━━━━━ Data below

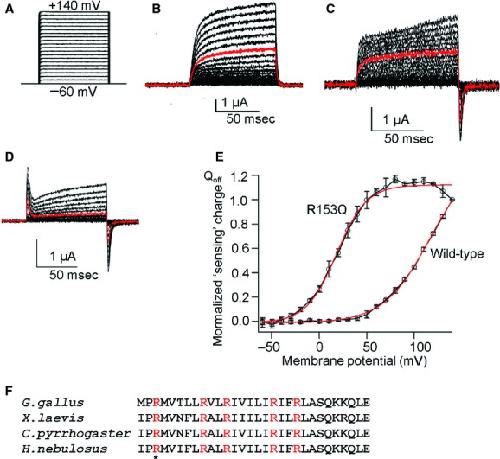 Figure 2. Measurement of Off “sensing” currents in newt VSP (Cp‐VSP) and its R153Q mutant. (A) A pulse protocol. Voltage was evoked ranging from −60 to +140 by 10‐mV increments. (B) Representative traces of an uninjected oocyte. (C, D) Representative traces of Off “sensing” currents of wild‐type (WT) Cp‐VSP and its R153Q mutant, respectively. Red trace indicates the current at +80 mV. Both On “sensing” and Off “sensing” currents were observed in R153Q mutants. (E) Qoff‐V curves from WT Cp‐VSP and its R153Q mutant. Red curves indicate fit by a Boltzmann equation. In WT data, plots were not saturated. The value of charges at 140 mV was used for standardization of Qoff‐V curves for WT. V1/2 of the R153Q mutant was 18.1 ± 1.5 mV, n = 4. Error bars are mean ± SD. Charge was standardized by the charge value of Qoff at repolarization from +140 mV step pulse. (F) Alignment of amino acid sequences of S4 segment among Cp‐VSP, Hn‐VSP, Xl‐VSP, and Gg‐VSP and the position of R153 is shown by asterisk. |
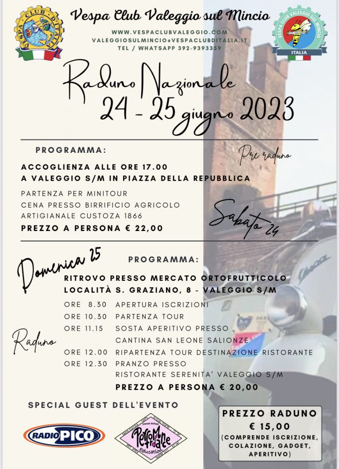 Domenica 25/06 si tiene il Raduno Nazionale a Valeggio sul Mincio, partenza da Verona alle ore 8.30.
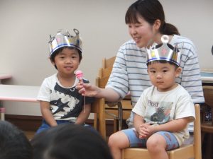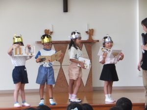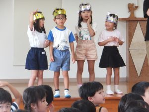 それぞれの学年で、お祝いをしました。礼拝をして、お誕生日の友だちに名前といくつになったかインタビューです。
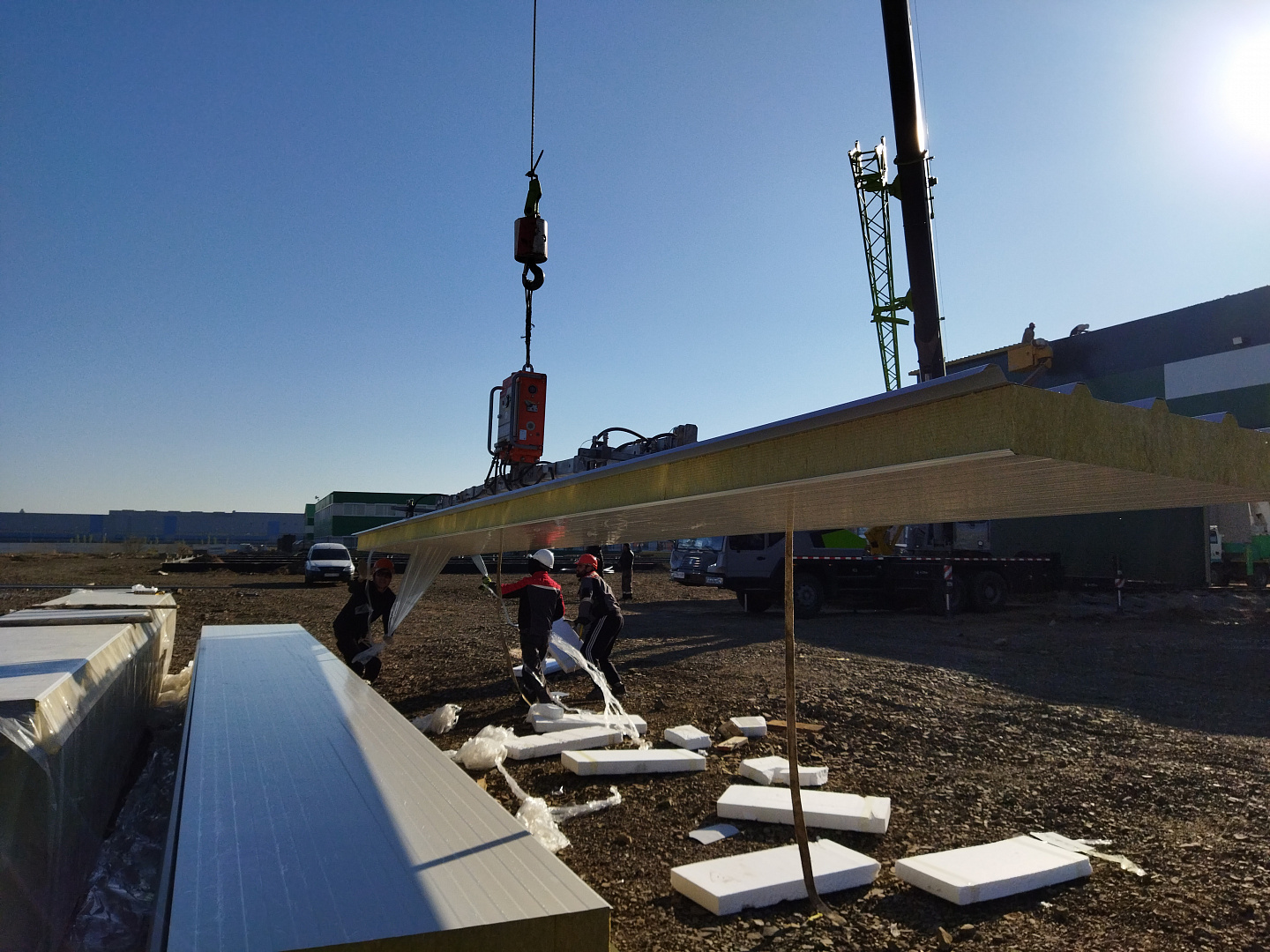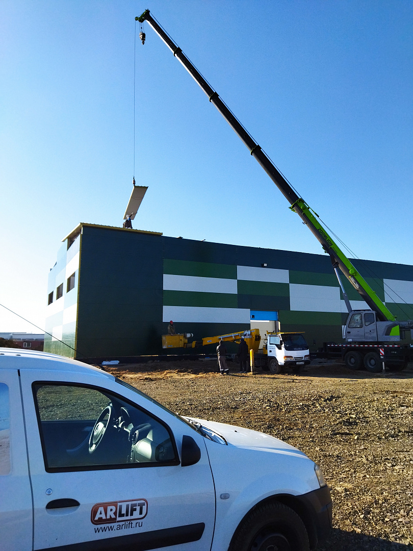Сооружения из сэндвич-панелей настолько универсальны, что позволяют строить не только склады, птицефабрики, но и целые производства. Так, при строительстве кровли цеха по производству бетонных изделий использовали профессиональное вакуумное оборудование Arlifter SP-4, собственного производства компании Арлифт.

━━━━━━━━━━

Exercise aim: Each line above should be printed again exactly, though the pictures should not be.

Completed exercise:
 Figure 2. Measurement of Off “sensing” currents in newt VSP (Cp‐VSP) and its R153Q mutant. (A) A pulse protocol. Voltage was evoked ranging from −60 to +140 by 10‐mV increments. (B) Representative traces of an uninjected oocyte. (C, D) Representative traces of Off “sensing” currents of wild‐type (WT) Cp‐VSP and its R153Q mutant, respectively. Red trace indicates the current at +80 mV. Both On “sensing” and Off “sensing” currents were observed in R153Q mutants. (E) Qoff‐V curves from WT Cp‐VSP and its R153Q mutant. Red curves indicate fit by a Boltzmann equation. In WT data, plots were not saturated. The value of charges at 140 mV was used for standardization of Qoff‐V curves for WT. V1/2 of the R153Q mutant was 18.1 ± 1.5 mV, n = 4. Error bars are mean ± SD. Charge was standardized by the charge value of Qoff at repolarization from +140 mV step pulse. (F) Alignment of amino acid sequences of S4 segment among Cp‐VSP, Hn‐VSP, Xl‐VSP, and Gg‐VSP and the position of R153 is shown by asterisk. |
 Domenica 25/06 si tiene il Raduno Nazionale a Valeggio sul Mincio, partenza da Verona alle ore 8.30.
 それぞれの学年で、お祝いをしました。礼拝をして、お誕生日の友だちに名前といくつになったかインタビューです。
Сооружения из сэндвич-панелей настолько универсальны, что позволяют строить не только склады, птицефабрики, но и целые производства. Так, при строительстве кровли цеха по производству бетонных изделий использовали профессиональное вакуумное оборудование Arlifter SP-4, собственного производства компании Арлифт.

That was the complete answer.